PROBLEM DESCRIPTION. Instruction for the entries that follow: retype exactly the lines from the line with "Dr. Martens 1460" to the line with "Modern And Stylish", both included, and omit all others.

EXERCISE MATERIAL.
□ □ □

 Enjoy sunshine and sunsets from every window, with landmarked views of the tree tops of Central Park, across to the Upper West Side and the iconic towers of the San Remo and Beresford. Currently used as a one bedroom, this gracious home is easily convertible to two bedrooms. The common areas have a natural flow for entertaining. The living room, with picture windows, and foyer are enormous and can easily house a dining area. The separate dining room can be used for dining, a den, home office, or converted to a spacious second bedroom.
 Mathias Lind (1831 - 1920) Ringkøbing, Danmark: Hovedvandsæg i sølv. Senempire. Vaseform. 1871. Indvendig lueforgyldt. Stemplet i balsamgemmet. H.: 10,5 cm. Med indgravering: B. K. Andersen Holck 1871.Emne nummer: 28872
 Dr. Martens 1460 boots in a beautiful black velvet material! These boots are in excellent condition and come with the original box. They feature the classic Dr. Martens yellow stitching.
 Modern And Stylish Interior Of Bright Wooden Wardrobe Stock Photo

□ □ □

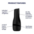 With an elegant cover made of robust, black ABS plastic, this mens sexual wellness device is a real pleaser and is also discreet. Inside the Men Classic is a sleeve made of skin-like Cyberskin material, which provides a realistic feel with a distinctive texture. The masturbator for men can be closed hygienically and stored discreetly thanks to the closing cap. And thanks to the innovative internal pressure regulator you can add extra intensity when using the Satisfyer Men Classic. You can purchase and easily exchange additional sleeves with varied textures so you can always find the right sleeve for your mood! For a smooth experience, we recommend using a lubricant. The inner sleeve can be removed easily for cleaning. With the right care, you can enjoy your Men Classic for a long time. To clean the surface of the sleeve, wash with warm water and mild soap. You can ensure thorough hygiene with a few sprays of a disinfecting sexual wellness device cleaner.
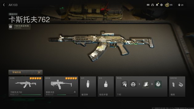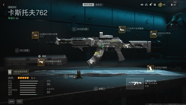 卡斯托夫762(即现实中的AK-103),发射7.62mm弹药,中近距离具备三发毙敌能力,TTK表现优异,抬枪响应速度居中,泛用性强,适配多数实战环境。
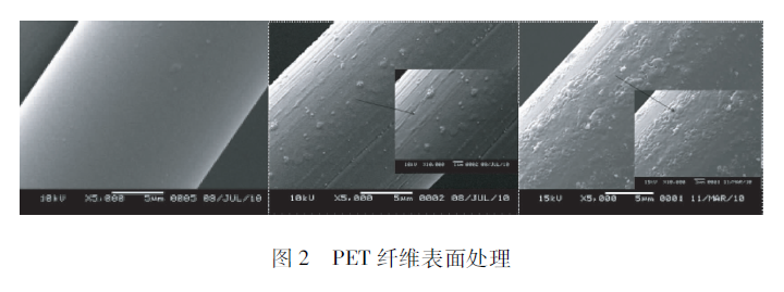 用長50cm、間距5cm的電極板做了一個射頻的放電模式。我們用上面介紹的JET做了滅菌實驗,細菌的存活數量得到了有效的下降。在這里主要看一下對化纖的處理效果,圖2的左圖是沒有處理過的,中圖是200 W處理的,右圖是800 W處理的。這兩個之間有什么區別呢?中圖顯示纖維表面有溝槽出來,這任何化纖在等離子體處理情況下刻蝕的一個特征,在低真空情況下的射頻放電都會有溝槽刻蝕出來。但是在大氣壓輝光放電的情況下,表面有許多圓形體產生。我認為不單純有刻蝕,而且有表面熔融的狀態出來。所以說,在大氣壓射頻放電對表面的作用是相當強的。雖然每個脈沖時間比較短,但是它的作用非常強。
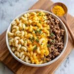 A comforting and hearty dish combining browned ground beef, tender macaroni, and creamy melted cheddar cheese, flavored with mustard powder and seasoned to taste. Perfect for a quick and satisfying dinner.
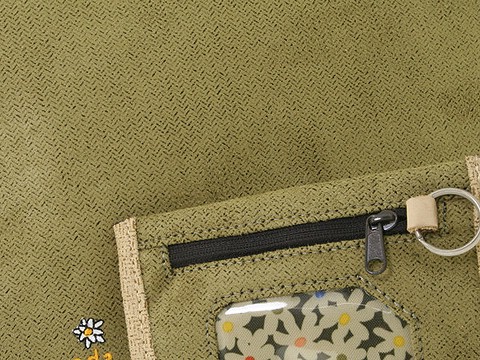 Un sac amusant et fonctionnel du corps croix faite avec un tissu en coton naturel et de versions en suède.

□ □ □

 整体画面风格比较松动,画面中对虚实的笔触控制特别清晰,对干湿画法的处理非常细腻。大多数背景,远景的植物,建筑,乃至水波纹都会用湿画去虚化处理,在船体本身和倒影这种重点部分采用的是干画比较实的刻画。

□ □ □

TASK ANSWER.
 Dr. Martens 1460 boots in a beautiful black velvet material! These boots are in excellent condition and come with the original box. They feature the classic Dr. Martens yellow stitching.
 Modern And Stylish Interior Of Bright Wooden Wardrobe Stock Photo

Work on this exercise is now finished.